[[ Input material open ]]

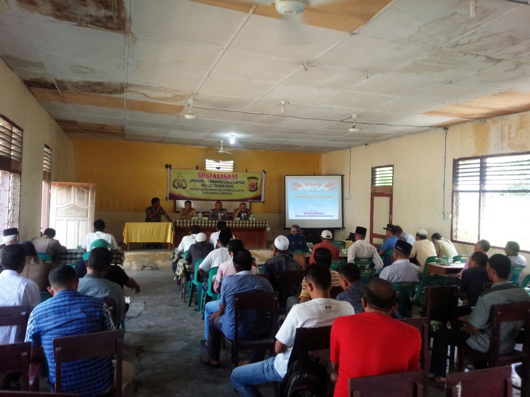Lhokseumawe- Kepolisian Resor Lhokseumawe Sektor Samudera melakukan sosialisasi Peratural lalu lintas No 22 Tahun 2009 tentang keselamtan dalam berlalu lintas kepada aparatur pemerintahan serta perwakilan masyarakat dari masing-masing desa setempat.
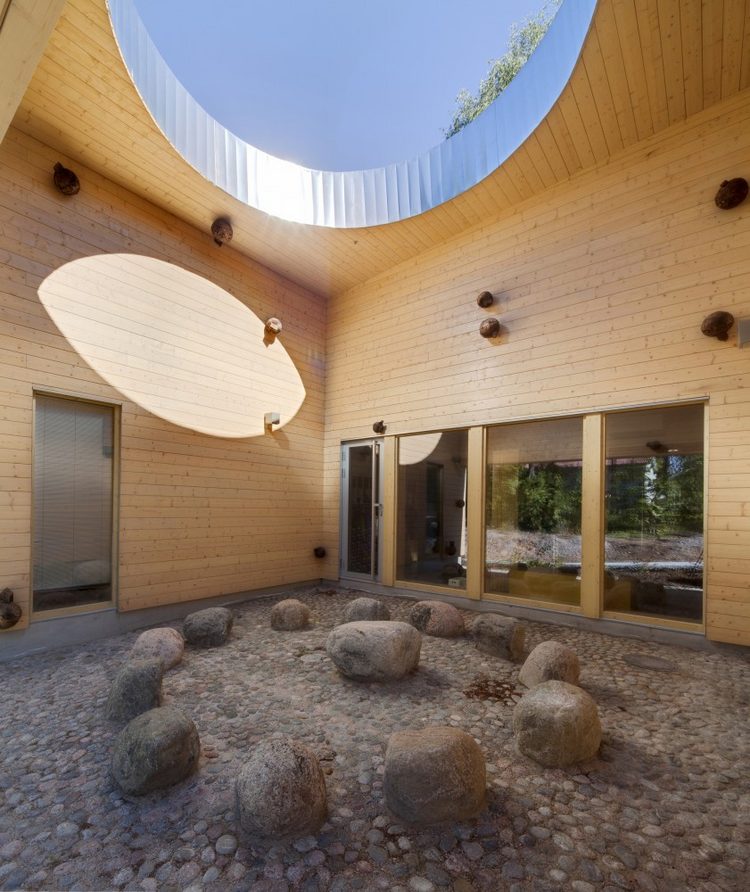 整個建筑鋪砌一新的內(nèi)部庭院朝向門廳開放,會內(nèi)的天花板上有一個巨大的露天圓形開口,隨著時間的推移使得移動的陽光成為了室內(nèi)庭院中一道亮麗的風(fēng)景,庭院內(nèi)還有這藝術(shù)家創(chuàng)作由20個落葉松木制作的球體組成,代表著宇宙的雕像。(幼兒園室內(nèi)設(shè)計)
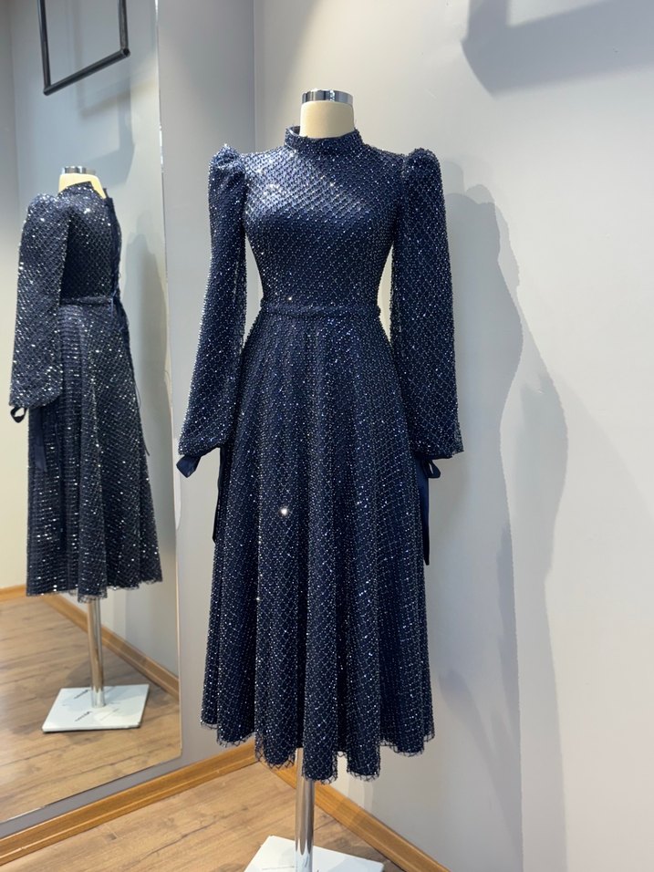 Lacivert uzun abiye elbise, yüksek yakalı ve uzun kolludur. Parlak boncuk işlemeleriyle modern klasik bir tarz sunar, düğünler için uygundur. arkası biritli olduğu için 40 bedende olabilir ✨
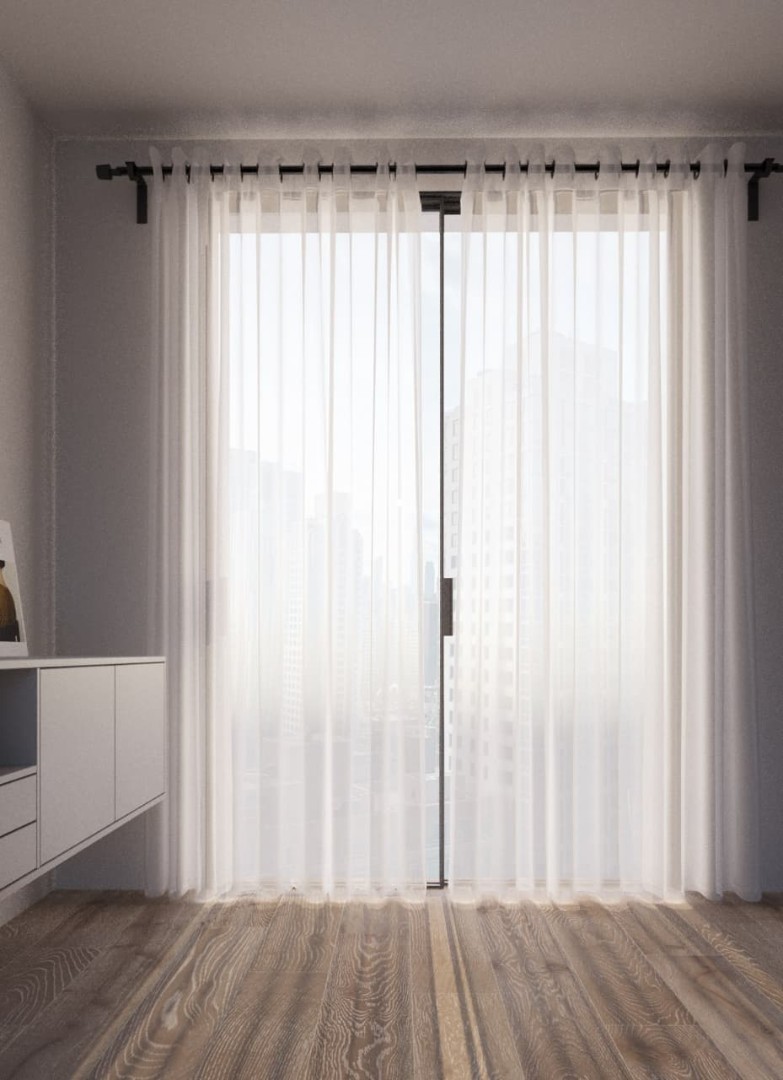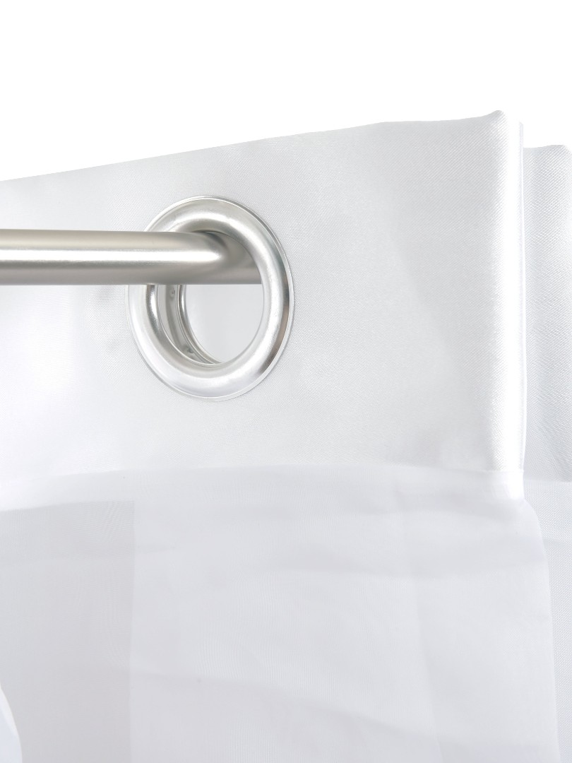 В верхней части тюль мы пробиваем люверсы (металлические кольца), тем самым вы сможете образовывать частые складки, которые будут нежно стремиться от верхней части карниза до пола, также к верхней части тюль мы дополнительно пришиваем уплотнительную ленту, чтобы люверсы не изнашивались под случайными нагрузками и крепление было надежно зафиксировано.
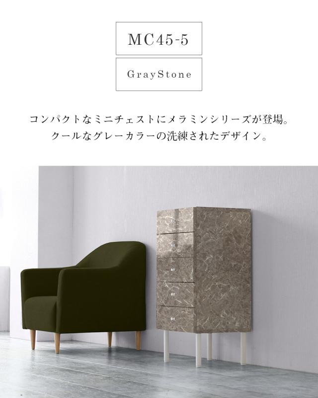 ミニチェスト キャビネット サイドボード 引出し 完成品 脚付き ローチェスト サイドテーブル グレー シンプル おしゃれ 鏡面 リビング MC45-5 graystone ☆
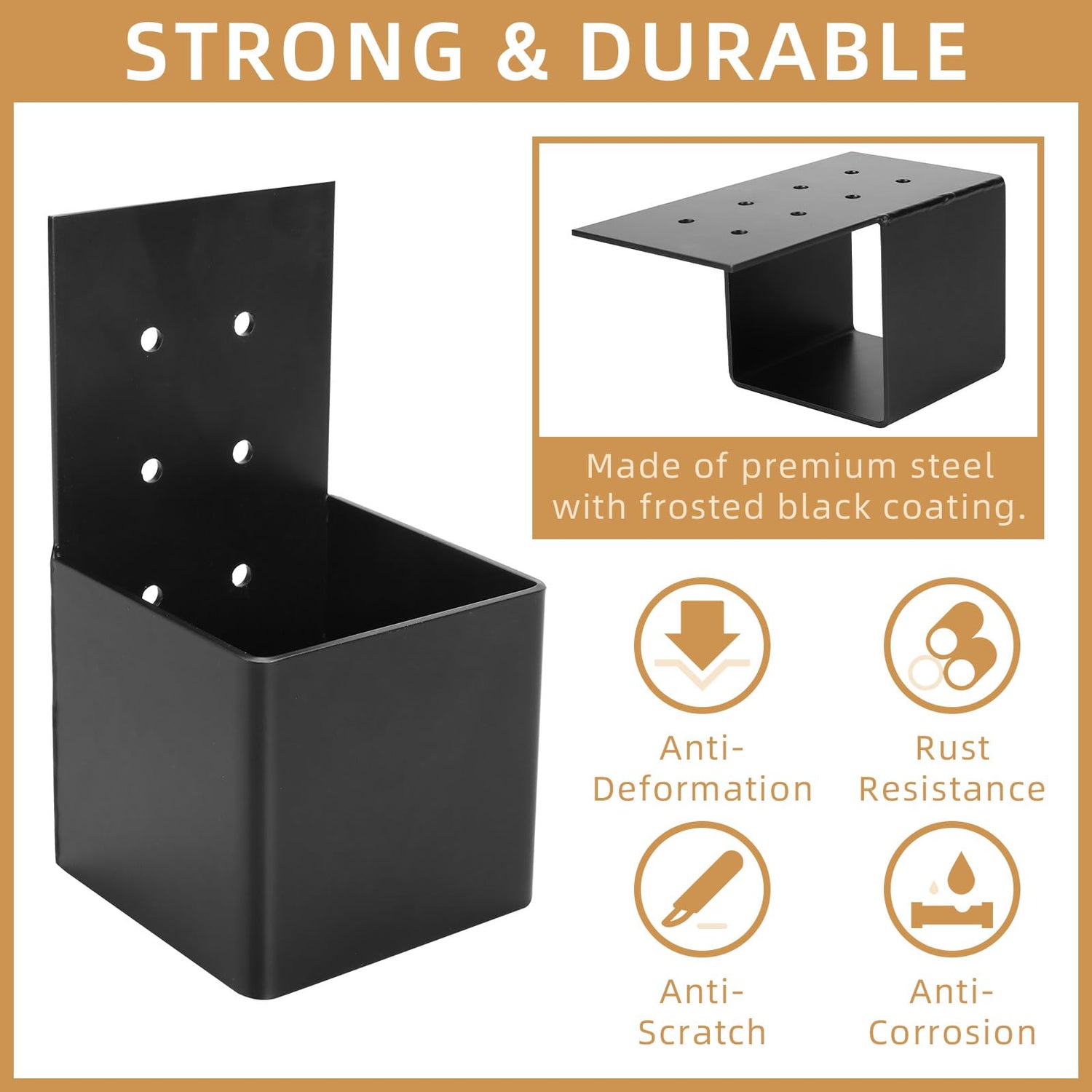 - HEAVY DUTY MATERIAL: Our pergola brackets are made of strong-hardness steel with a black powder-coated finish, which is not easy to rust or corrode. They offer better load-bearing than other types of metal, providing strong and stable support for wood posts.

[[ Input material closed ]]
[[ Input material open ]]

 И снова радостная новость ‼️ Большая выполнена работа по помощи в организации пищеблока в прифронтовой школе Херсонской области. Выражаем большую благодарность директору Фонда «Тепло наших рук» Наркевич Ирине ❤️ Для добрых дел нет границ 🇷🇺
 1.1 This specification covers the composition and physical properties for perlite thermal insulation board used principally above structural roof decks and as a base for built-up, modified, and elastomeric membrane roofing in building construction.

[[ Input material closed ]]
[[ Input material open ]]

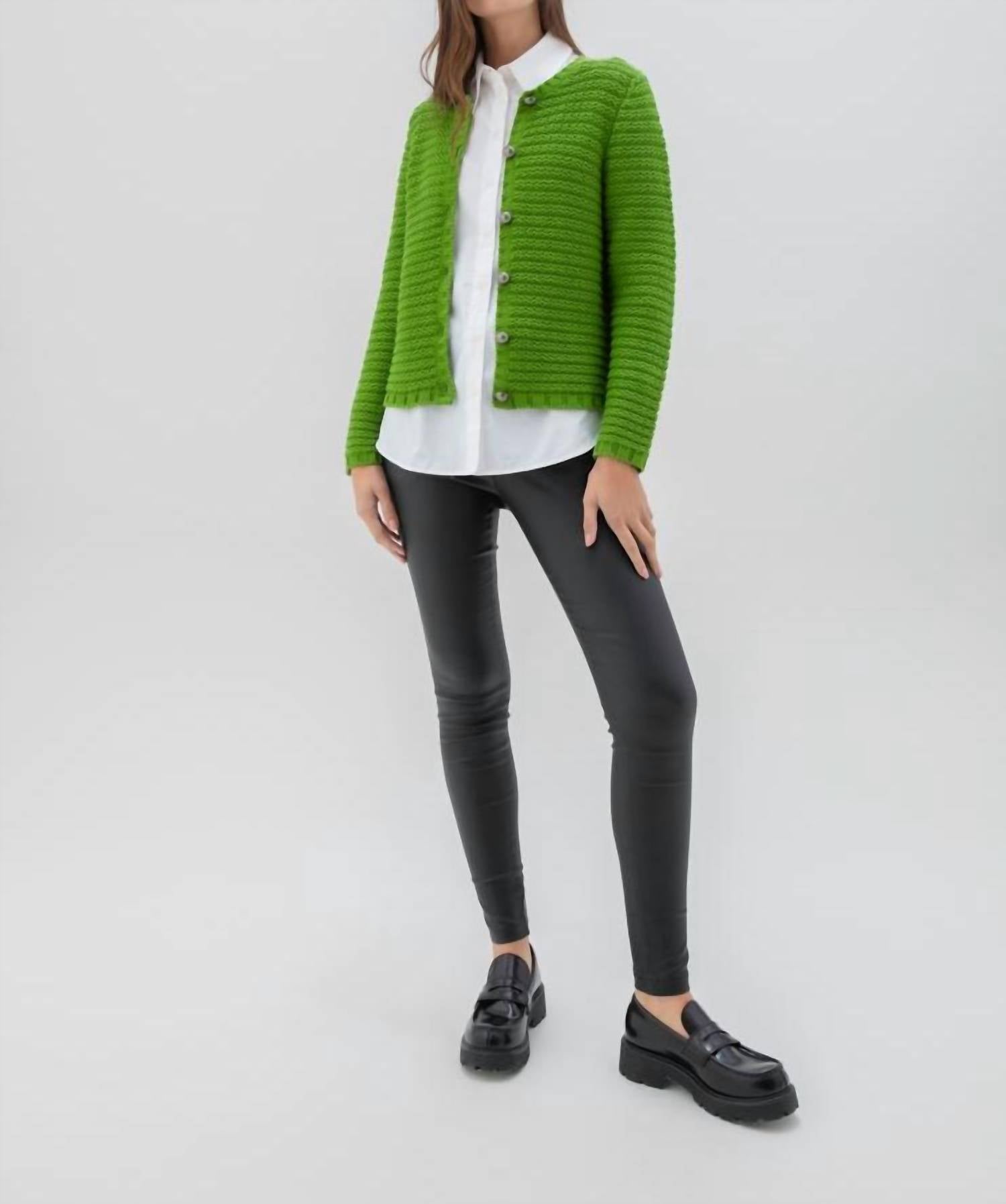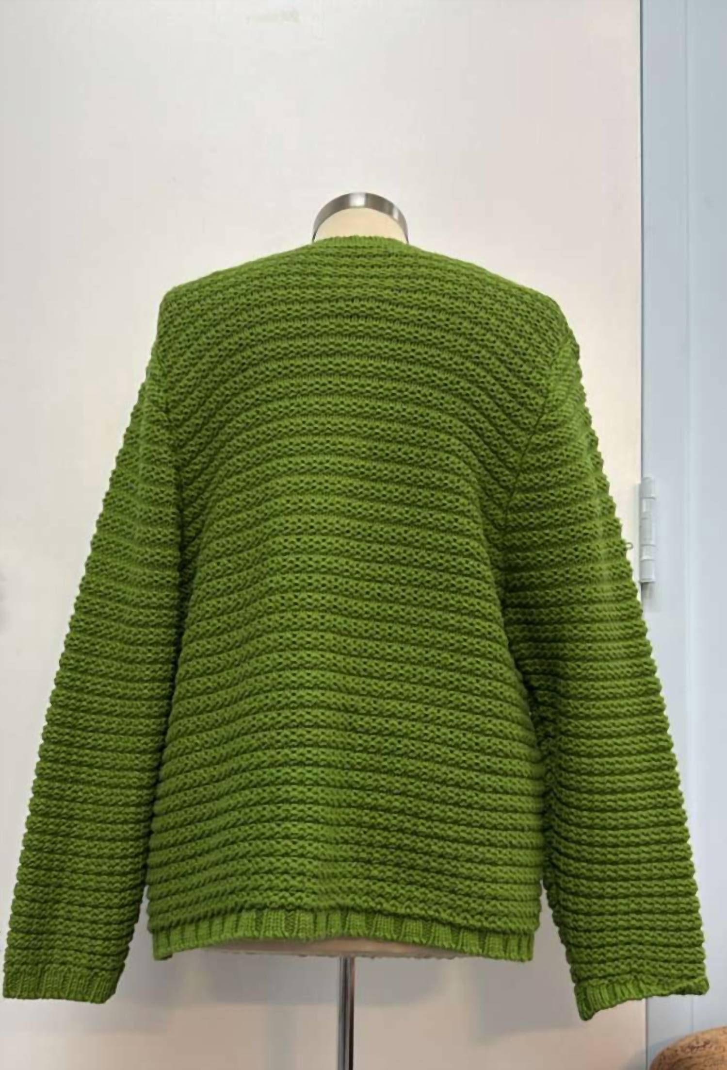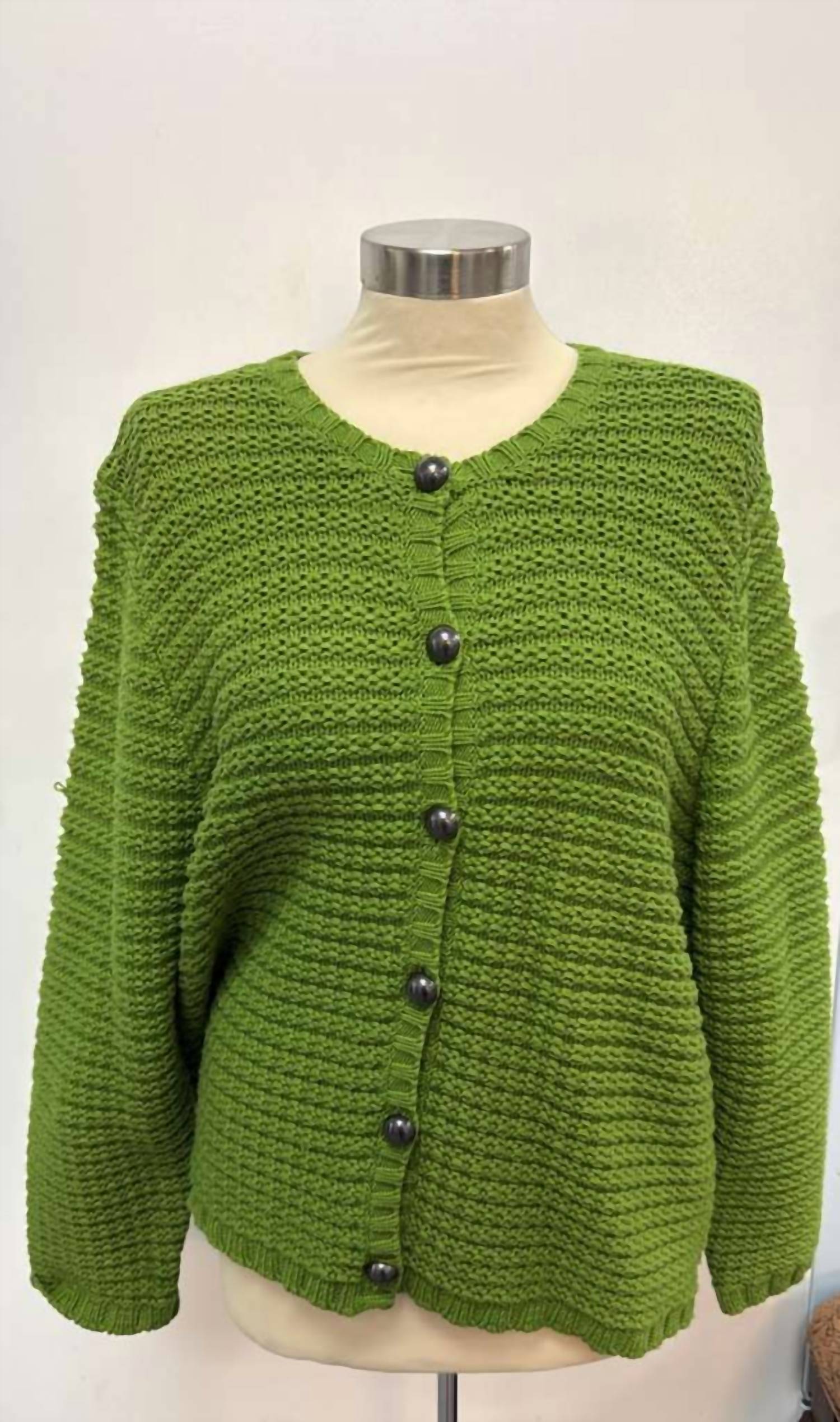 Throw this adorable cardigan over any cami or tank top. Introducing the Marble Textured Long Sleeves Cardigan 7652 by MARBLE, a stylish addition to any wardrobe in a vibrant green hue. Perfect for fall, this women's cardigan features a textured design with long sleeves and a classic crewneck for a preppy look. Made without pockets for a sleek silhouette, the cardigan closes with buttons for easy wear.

[[ Input material closed ]]

#### [Exercise]
The answer is the lines above from the one with "Lhokseumawe- Kepolisian Resor" to the one with "В верхней части", set down exactly, with no pictures.

#### [Solution]
Lhokseumawe- Kepolisian Resor Lhokseumawe Sektor Samudera melakukan sosialisasi Peratural lalu lintas No 22 Tahun 2009 tentang keselamtan dalam berlalu lintas kepada aparatur pemerintahan serta perwakilan masyarakat dari masing-masing desa setempat.
 整個建筑鋪砌一新的內(nèi)部庭院朝向門廳開放,會內(nèi)的天花板上有一個巨大的露天圓形開口,隨著時間的推移使得移動的陽光成為了室內(nèi)庭院中一道亮麗的風(fēng)景,庭院內(nèi)還有這藝術(shù)家創(chuàng)作由20個落葉松木制作的球體組成,代表著宇宙的雕像。(幼兒園室內(nèi)設(shè)計)
 Lacivert uzun abiye elbise, yüksek yakalı ve uzun kolludur. Parlak boncuk işlemeleriyle modern klasik bir tarz sunar, düğünler için uygundur. arkası biritli olduğu için 40 bedende olabilir ✨
 В верхней части тюль мы пробиваем люверсы (металлические кольца), тем самым вы сможете образовывать частые складки, которые будут нежно стремиться от верхней части карниза до пола, также к верхней части тюль мы дополнительно пришиваем уплотнительную ленту, чтобы люверсы не изнашивались под случайными нагрузками и крепление было надежно зафиксировано.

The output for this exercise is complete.